Holst v. Oregon
This text of 235 F. App'x 685 (Holst v. Oregon) is published on Counsel Stack Legal Research, covering Court of Appeals for the Ninth Circuit primary law. Counsel Stack provides free access to over 12 million legal documents including statutes, case law, regulations, and constitutions.
Opinion
MEMORANDUM
Melvin Holst appeals pro se from the district court’s judgment dismissing for lack of subject matter jurisdiction his action alleging that the state of Oregon violated his constitutional right to a jury trial. We have jurisdiction pursuant to 28 U.S.C. § 1291. We review de novo, Noel v.

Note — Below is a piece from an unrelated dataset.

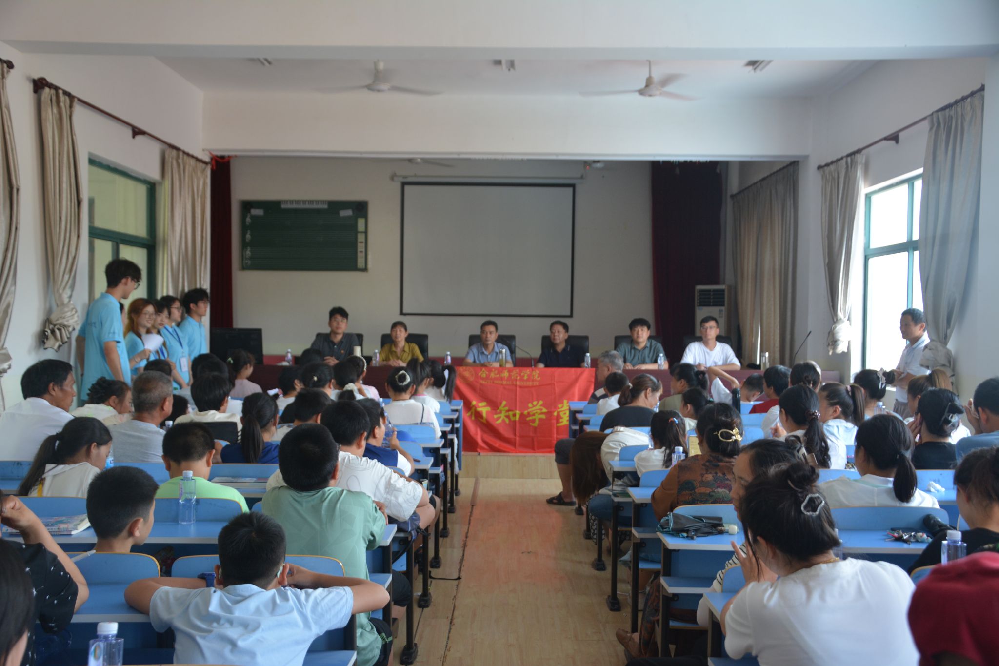 7月8日上午,院团委铜陵金榔行知学堂在铜陵市义安区金榔初级中学顺利开班。铜陵市义安区钟鸣镇工会主席汪宗新,义安区钟鸣镇妇联主席徐小翠,金榔中学校长钱朝亮,金榔中学教导主任、我院数学与统计学院2014届校友何淼,金榔中学办公室主任胡文杰,我院团委教师、学堂指导教师王露,6位“小先生”和40余名小学员及其家长参加开班仪式。
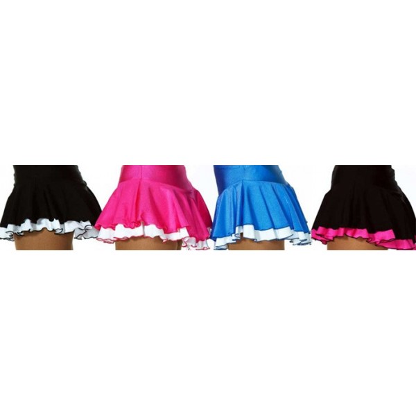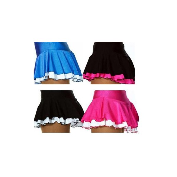 Jupe de patinagelycrajerry's bicolore à 2 volants, culotte intégrée Coloris selon taille, fin de serie, dernières pièces disponibles en : Bleu-Blanc: 4-6

Hall, 341 F.3d 1148, 1154 (9th Cir.2003) (dismissal based on Rooker-Feldman doctrine); Quillin v. Oregon, 127 F.3d 1136, 1138 (9th Cir.1997) (per curiam) (dismissal based on Eleventh Amendment immunity), and we affirm.
The district court properly concluded that it lacked subject matter jurisdiction pursuant to the Rooker-Feldman doctrine because Holst’s action amounted to a forbidden “de facto appeal” of a state court judgment and raised a constitutional claim that was “inextricably intertwined” with that state court judgment. See Noel, 341 F.3d at 1163-65; see also Exxon Mobil Corp. v. Saudi Basic Indus. Corp., 544 U.S. 280, 284, 125 S.Ct. 1517, 161 L.Ed.2d 454 (2005) (Rooker-Feldman bars “state-court losers complaining of injuries caused by state-court judgments rendered before the district court proceedings commenced” from asking district courts to review and reject those judgments).
The district court also properly concluded that the Eleventh Amendment bars Holst’s action. See Micomonaco v. State of Wash., 45 F.3d 316, 319 (9th Cir.1995) (“[T]he Eleventh Amendment bars a citizen from bringing suit against his own state in federal court.”).
AFFIRMED.
This disposition is not appropriate for publication and is not precedent except as provided by 9th Cir. R. 36-3.